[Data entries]
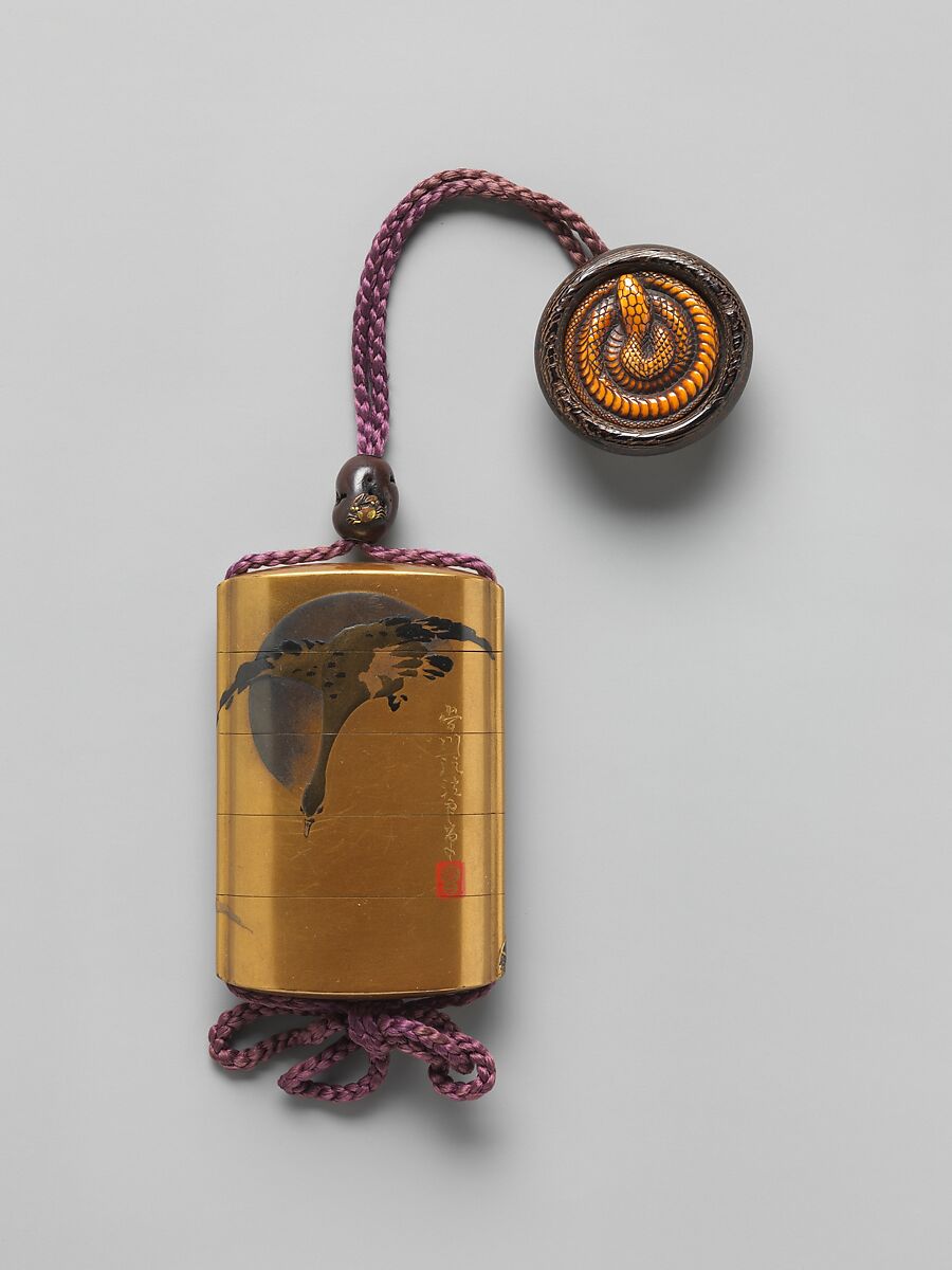 - Title: Inrō with Goose Flying across the Full Moon
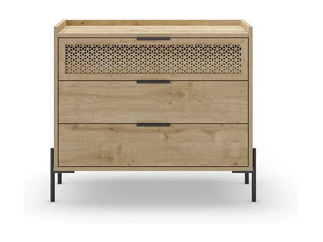 Cómoda para dormitorio modelo India 3 cajones acabado roble/negro, 90cm(ancho) 80cm(alto)
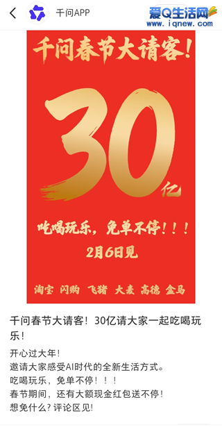 千问APP-2月6日开始有瓜分30亿元免单活动
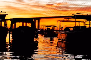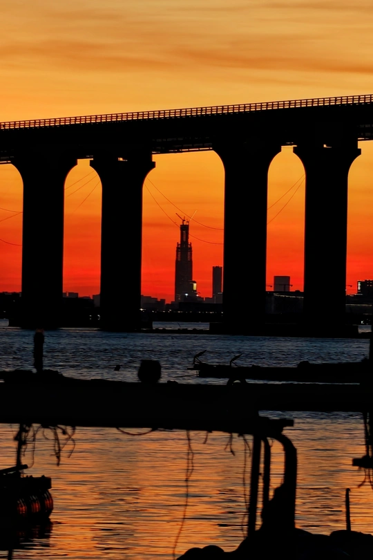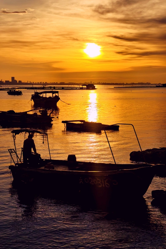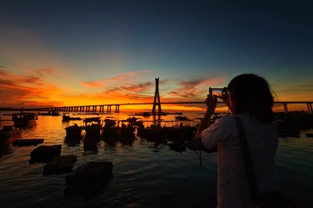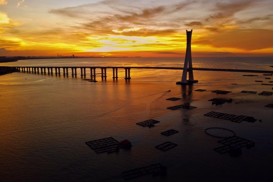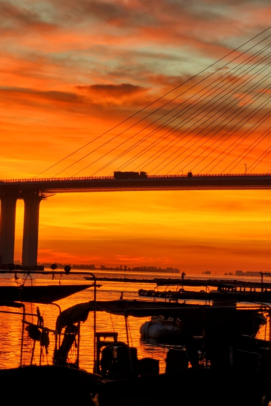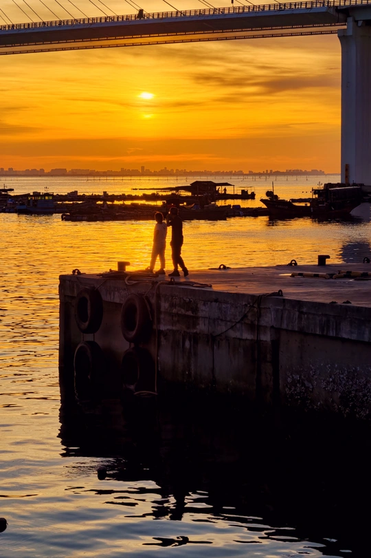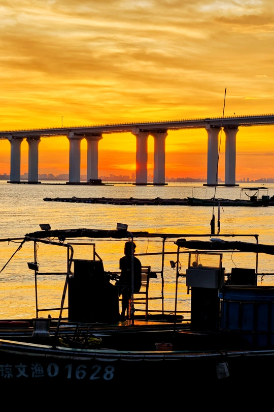 海文大桥位于海南铺前湾海域,是海口市与文昌市埔前镇的跨海通道,站在位于东边的埔前码头,观看海文大桥的日落晚霞时刻,大桥、海水与霞光交相辉映,鱼船与游客游走其中,甚是观霞好去处!
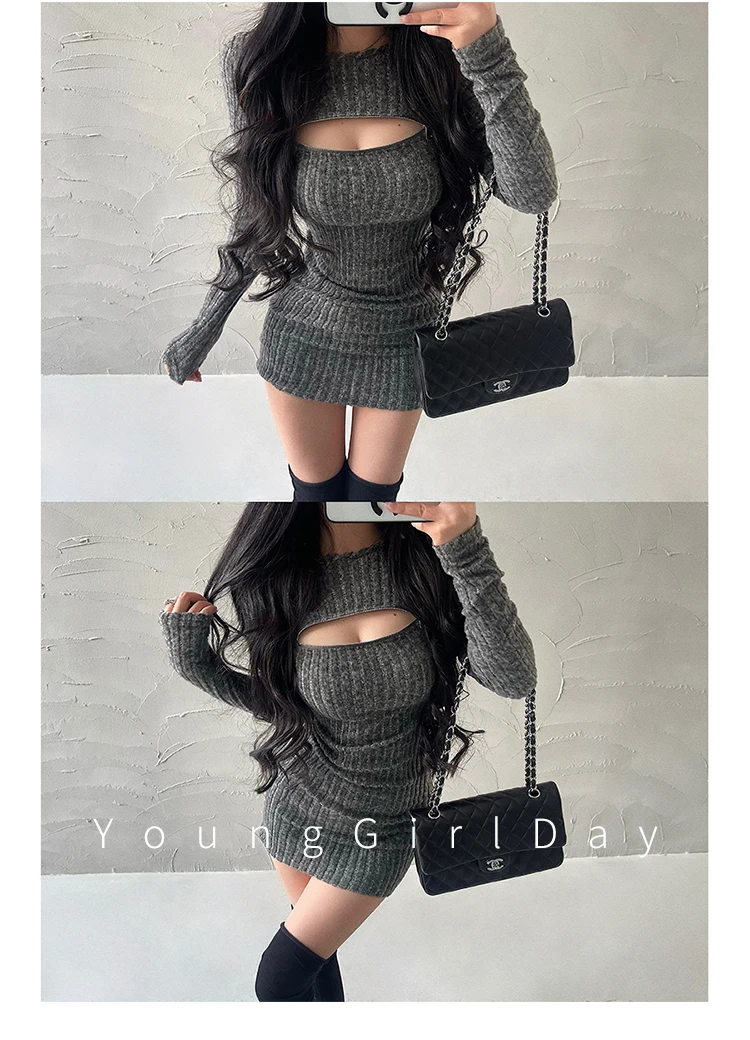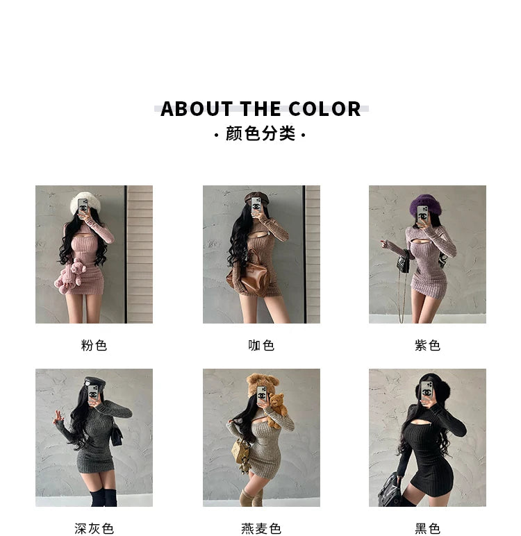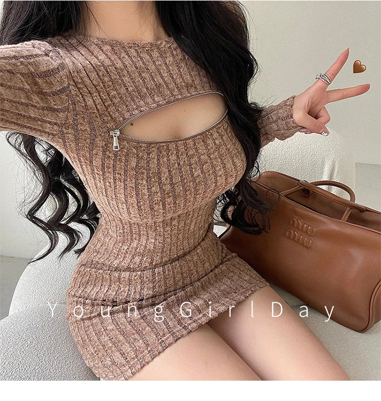 WOMENGAGA Sexy Hollow Zipper Tight Long Sleeved Sweater Knitted Dress Elegant Short Dress Fashion Sweet Kroean Women Top 1S4E
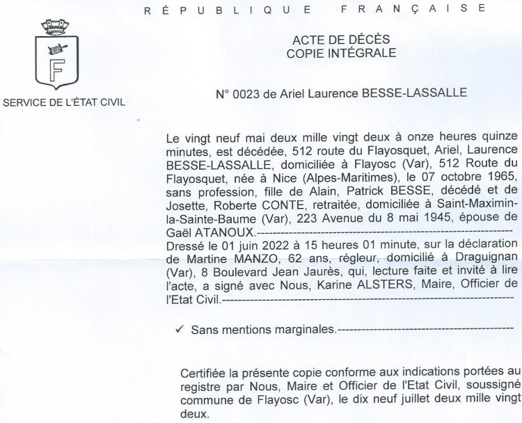 2022 Acte de décès (Flayosc, France)
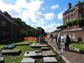 Exeter Dissenters' Graveyard belonged to George's Meeting until the 1980s, when it was sold to the first of several hopeful developers. The last of these, though interested in building social housing, was also sympathetic to preservation. He challenged local people to come up with a funded renovation plan. The challenge was met and thanks to a generous anonymous donation the site was purchased by Exeter Historic Buildings Trust (EHBT) to be passed on to the newly formed Exeter Dissenters Graveyard Trust (EDGT) when formally incorporated as a charity. Grants have been awarded of £1,000 from the Council for British Archaeology and £7,900 by the Heritage Lottery Fund, and there have been generous private donations as well as those from EHBT, Exeter Civic Society, St Leonard’s Neighbourhood Association and Devon Gardens Trust, which have enabled a start on Phase 1 of the project: clearance and investigation of the site.

| WORK INSTRUCTIONS |
What is needed is a word-for-word copy of the data above, free of any images.

| COMPLETED EXERCISE |
 - Title: Inrō with Goose Flying across the Full Moon
 Cómoda para dormitorio modelo India 3 cajones acabado roble/negro, 90cm(ancho) 80cm(alto)
 千问APP-2月6日开始有瓜分30亿元免单活动
 海文大桥位于海南铺前湾海域,是海口市与文昌市埔前镇的跨海通道,站在位于东边的埔前码头,观看海文大桥的日落晚霞时刻,大桥、海水与霞光交相辉映,鱼船与游客游走其中,甚是观霞好去处!
 WOMENGAGA Sexy Hollow Zipper Tight Long Sleeved Sweater Knitted Dress Elegant Short Dress Fashion Sweet Kroean Women Top 1S4E
 2022 Acte de décès (Flayosc, France)
 Exeter Dissenters' Graveyard belonged to George's Meeting until the 1980s, when it was sold to the first of several hopeful developers. The last of these, though interested in building social housing, was also sympathetic to preservation. He challenged local people to come up with a funded renovation plan. The challenge was met and thanks to a generous anonymous donation the site was purchased by Exeter Historic Buildings Trust (EHBT) to be passed on to the newly formed Exeter Dissenters Graveyard Trust (EDGT) when formally incorporated as a charity. Grants have been awarded of £1,000 from the Council for British Archaeology and £7,900 by the Heritage Lottery Fund, and there have been generous private donations as well as those from EHBT, Exeter Civic Society, St Leonard’s Neighbourhood Association and Devon Gardens Trust, which have enabled a start on Phase 1 of the project: clearance and investigation of the site.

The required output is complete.